If 'God is dead', then why are so many of us still talking about Him? Join author of God: All That Matters and How to Be an Agnostic, Mark Vernon, as he looks at contemporary attitudes to God through the lenses of philosophy, science, theology and psychology.
They are billing it as an event for the staunch believer, the New Atheist, the undecided and everyone in between. Yikes!
'He is, quite simply, one of the few writers in England today who really understands the impulse to religious belief and how a faithless age can respond. There are few others I trust to bring such intelligence and sympathy to these issues.' Madeleine Bunting, The Guardian
Religion’s 20 biggest questions answered in accessible and thought-provoking mini-essays.
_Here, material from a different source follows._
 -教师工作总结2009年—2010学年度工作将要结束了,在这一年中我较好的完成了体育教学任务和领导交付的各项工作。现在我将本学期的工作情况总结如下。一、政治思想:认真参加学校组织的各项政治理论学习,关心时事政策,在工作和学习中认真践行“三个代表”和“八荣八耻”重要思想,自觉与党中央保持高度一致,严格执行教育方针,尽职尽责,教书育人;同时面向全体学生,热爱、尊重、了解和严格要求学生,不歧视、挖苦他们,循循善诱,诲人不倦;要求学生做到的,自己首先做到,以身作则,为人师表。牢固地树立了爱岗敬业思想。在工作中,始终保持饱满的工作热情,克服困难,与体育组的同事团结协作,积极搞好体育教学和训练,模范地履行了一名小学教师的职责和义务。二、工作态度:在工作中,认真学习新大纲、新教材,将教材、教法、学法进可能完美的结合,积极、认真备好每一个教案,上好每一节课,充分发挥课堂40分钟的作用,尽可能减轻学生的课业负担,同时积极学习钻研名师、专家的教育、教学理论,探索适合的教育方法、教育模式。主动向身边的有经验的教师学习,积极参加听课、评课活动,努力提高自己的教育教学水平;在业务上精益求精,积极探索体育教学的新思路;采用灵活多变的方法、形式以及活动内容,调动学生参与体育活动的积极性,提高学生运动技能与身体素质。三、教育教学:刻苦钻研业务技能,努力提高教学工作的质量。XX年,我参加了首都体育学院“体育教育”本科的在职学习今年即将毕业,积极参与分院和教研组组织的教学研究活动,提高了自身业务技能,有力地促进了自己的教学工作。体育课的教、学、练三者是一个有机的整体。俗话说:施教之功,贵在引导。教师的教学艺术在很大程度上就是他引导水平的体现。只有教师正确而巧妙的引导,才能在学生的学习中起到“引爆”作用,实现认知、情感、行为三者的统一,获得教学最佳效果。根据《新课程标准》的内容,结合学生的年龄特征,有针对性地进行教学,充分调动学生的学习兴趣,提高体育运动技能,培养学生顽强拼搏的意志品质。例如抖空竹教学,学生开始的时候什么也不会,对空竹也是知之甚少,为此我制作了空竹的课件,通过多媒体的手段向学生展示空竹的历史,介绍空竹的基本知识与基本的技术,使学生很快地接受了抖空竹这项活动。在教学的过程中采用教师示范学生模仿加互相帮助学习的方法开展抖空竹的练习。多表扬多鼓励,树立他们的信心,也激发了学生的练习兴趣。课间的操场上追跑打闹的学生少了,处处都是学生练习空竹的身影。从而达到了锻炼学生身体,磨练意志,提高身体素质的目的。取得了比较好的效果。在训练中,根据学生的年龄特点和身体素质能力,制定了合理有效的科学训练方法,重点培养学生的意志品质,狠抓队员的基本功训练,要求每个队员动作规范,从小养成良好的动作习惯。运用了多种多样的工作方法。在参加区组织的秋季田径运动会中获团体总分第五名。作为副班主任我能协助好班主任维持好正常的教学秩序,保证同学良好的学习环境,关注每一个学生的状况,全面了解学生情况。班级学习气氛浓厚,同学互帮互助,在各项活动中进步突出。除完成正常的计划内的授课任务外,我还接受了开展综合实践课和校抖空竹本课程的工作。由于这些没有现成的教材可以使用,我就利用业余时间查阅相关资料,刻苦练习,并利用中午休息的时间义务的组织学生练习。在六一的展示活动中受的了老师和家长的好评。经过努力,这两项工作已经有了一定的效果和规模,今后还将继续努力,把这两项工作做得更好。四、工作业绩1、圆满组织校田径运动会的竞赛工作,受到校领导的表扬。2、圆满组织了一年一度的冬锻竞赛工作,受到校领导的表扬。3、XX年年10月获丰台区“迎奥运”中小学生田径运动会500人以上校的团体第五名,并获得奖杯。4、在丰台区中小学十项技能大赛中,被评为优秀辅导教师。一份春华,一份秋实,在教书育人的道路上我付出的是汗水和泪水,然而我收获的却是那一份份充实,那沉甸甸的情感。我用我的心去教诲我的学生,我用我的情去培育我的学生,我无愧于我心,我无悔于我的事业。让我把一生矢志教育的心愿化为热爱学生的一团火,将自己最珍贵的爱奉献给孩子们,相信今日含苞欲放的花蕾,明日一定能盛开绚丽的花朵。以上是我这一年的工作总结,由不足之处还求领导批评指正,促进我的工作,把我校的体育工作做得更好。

Can you prove God exists? We began with the ways that believers have attempted to prove the existence of God, or not, examining cosmological and design, ontological and moral reasons for faith. What do they show? What do they fail to achieve? And why do people go on believing for all that no ‘proof’ convinces everyone?
Monday 23rd April
Why science and religion aren’t really at loggerheads. The relationship between theology and the natural sciences is often presented as a zero sum game: if you go with one, you must reject the other. In truth, though, the relationship between the two is much more intimate and it is only in recent years that a great divide has been proposed, one that is arguably narrowing again in our time.
Monday 30th April
Is the Bible true? Fundamentalism is a product of the twentieth century. It rides roughshod over the rich traditions of reading holy scriptures which perceive the truth of the text as in between the word on the page and the life of the believer. Interpretation is not an optional extra. The literal truth used to mean that which is true in life, not in a book. So what went wrong?
Monday 14th May
If God exists, why is there suffering in the world? The problem of evil, as it is called, the question of how an all-powerful, all-good God can allow suffering, is probably the number one reason that people find it hard to believe. And yet, for our forebears, it seems that the opposite was the case. Suffering led people to turn to God. ‘Religion is the wound, not the bandage,’ as Dennis Potter put it.
Monday 21st May
Is nature the new divine? Or to put it another way, is God green? Many increasingly think so. Ecological movements are some of the most energetic and imaginative spiritual movements thriving on the planet. So is traditional religion the enemy of the environment, or does it have resources within it to mobilise the masses of people required to save the planet?
Monday 28th May
Can you be good without God? Most people, these days, know an atheist who lives an inspiring moral life. The link between God and goodness seems to have be severed. Indeed, many would argue that it needs to be severed, for fear that morality might go the way of theology in people’s lives. And yet, is there any truth in the notion that without God, everything is permissible?
Monday 11th June
Can you be spiritual without being religious? Religion is a bad word in many people’s vocabulary. It conjures up memories of school chapel, flawed parish priests, or bloody crusades. Who wants to be tied to one tradition when there is meditation and yoga, shamanism and tantra to chose from, to learn from? Or maybe there are risks in a consumerist approach to spirituality?
Monday 18th June
Is the heart of all religions roughly the same? It’s called the perennial philosophy, the idea that behind all spiritual traditions lie timeless, universal truths. Often cited is the so-called Golden Rule. But what is the perennial philosophy, and how did it come about? And does it really stack up, or risk leaving you pursuing the spiritual dimension in a kind of religious no-man’s land.